Eric Weissel (;) (1903–1972) was an Australian rugby league footballer,  a state and national representative goal-kicking .  He played his club career in country New South Wales and is considered one of the nation's finest footballers of the 20th century.

Biography and Club career 
Weissel was born in Cootamundra in 1903. He died in 1972.

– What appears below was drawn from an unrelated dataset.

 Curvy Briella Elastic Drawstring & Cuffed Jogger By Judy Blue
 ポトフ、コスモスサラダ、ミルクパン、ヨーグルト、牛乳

Weissel played his entire club football career in his home area of the Riverina in southern New South Wales. He rejected offers from Sydney and England clubs, choosing instead to stay in the district he called home, and turned out with five different clubs during an 18-year career: Cootamundra, Temora, Barmedman, Narrandera and Wagga Wagga.  With Cootamundra he was captain during two years when they retained the regional Maher Cup with an unbeaten record. Weissel coached Wagga Magpies to win the Clayton Cup in 1939.

Representative career 
After being selected for New South Wales in 1928, Weissel made his international representative debut against a touring British side that same year, featuring in two Tests. He made the Australian squad for the 1929–30 Kangaroo tour of Great Britain, playing in three Tests and 17 tour matches. He topped the tour scoring tally with five tries and fifty-six goals on the tour. In the First Test at Hull, Weissel featured in the 31-8 Australian victory scoring a try and kicking five goals.

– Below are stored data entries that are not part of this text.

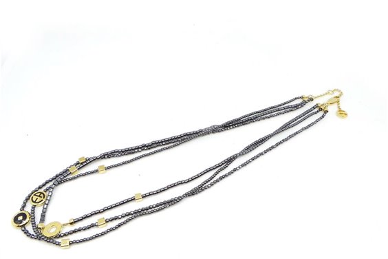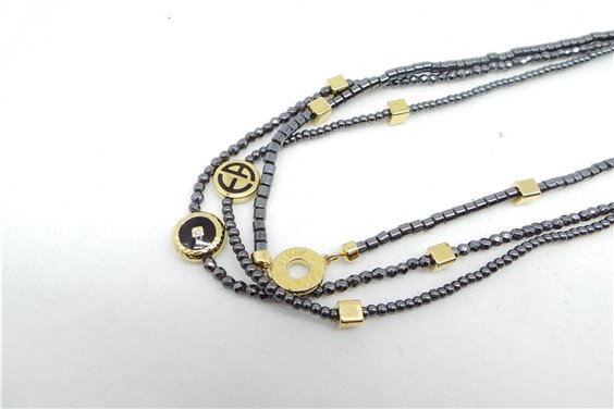 Collana Emporio Armani formata da tre fili in ematite e inserti in argento dorato, smalto nero e zirconi, chiusura in argento dorato con moschettone e catenella per allungare la collana da cm 40 a 45.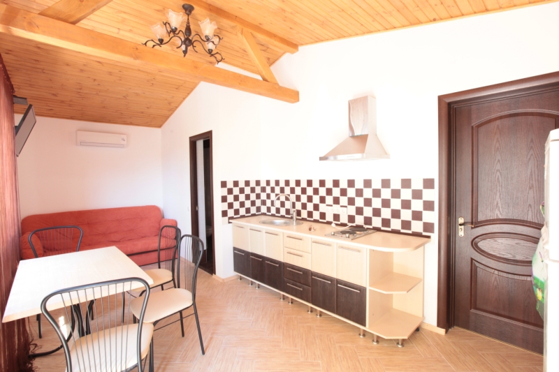 В номере: уютная мебель, оборудованная кухня,
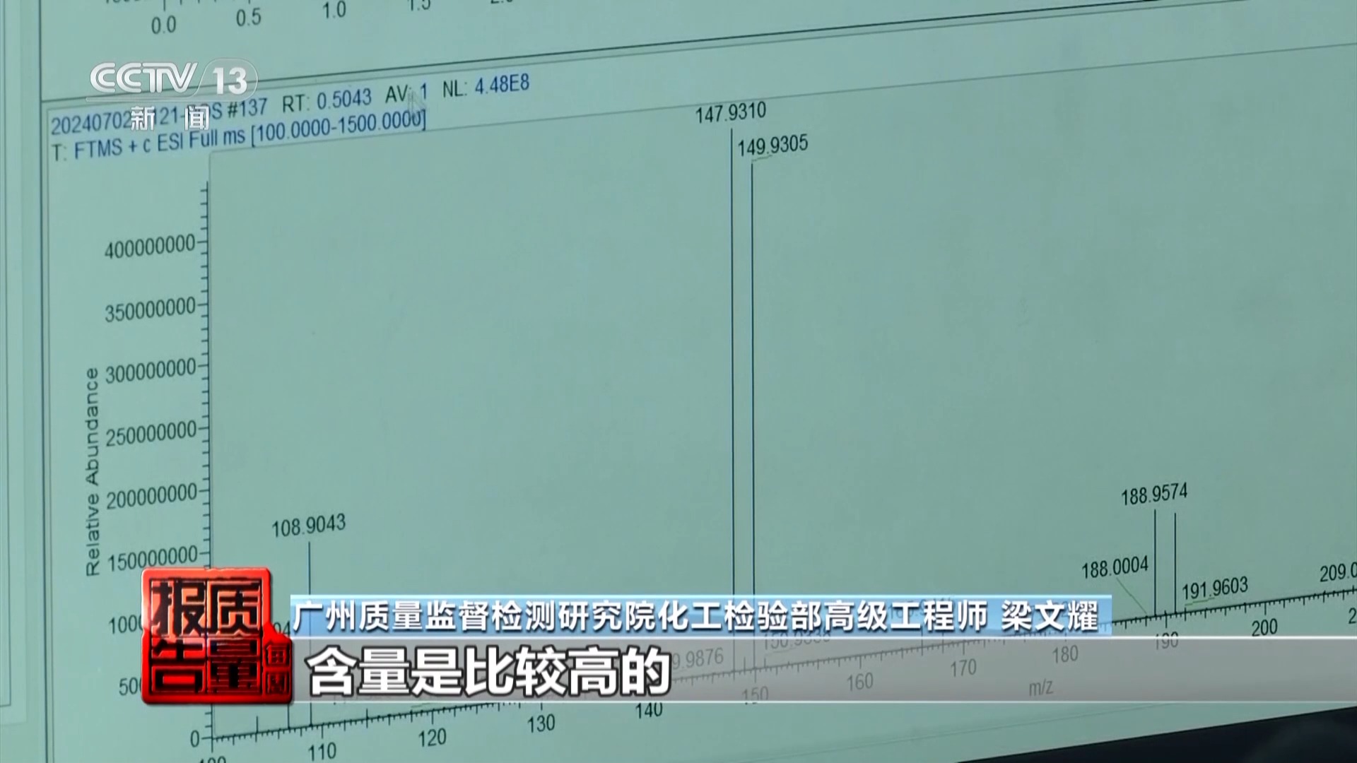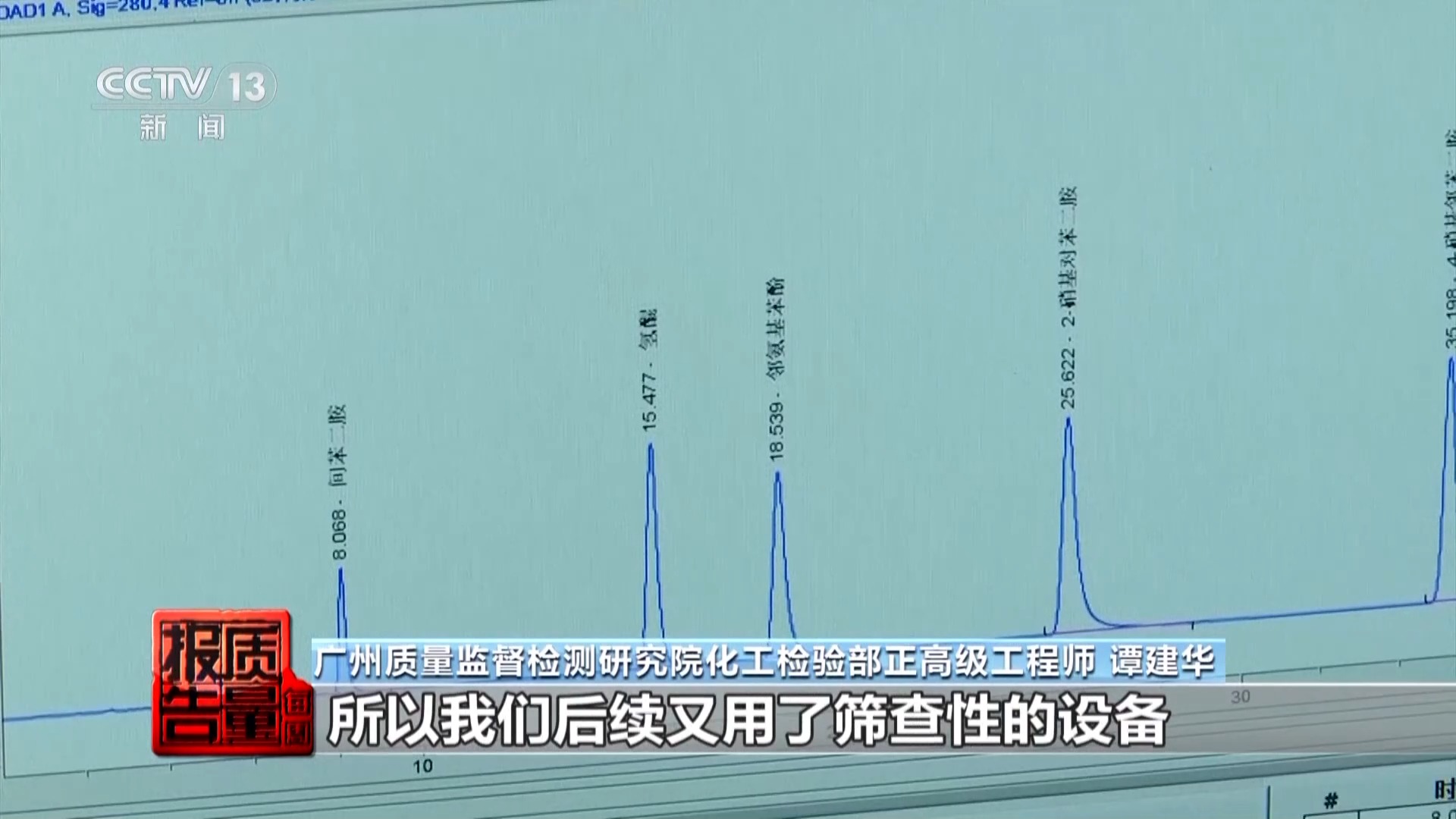 广州质量监督检测研究院化工检验部正高级工程师 谭建华:我们要打破自己的思维方式了,我们要寻求一些可能更高端的方法,或者一些综合性的分析策略,所以我们后续又用了筛查性的设备,对可疑的组分进行非靶向性筛查。

He played in all three Tests of the 1932 Domestic Ashes series against Great Britain, including the brutal "Battle of Brisbane" Test.

Cricketer
Sean Fagan's rl1908.com site quotes a Donald Bradman biography which records that Weissel was playing for a Riverina representative side on 22 November 1926 at the Sydney Cricket Ground against a Southern Districts side in which Bradman was making his SCG debut. Weissel dismissed "the Don" for 43.

Accolades
Since 1976 the Eric Weissel medal has been awarded to the best and fairest player of the season in the Riverina regional country rugby league competition.

The Eric Weissel Oval, a 10,000-seat stadium in Wagga Wagga was named in his honour.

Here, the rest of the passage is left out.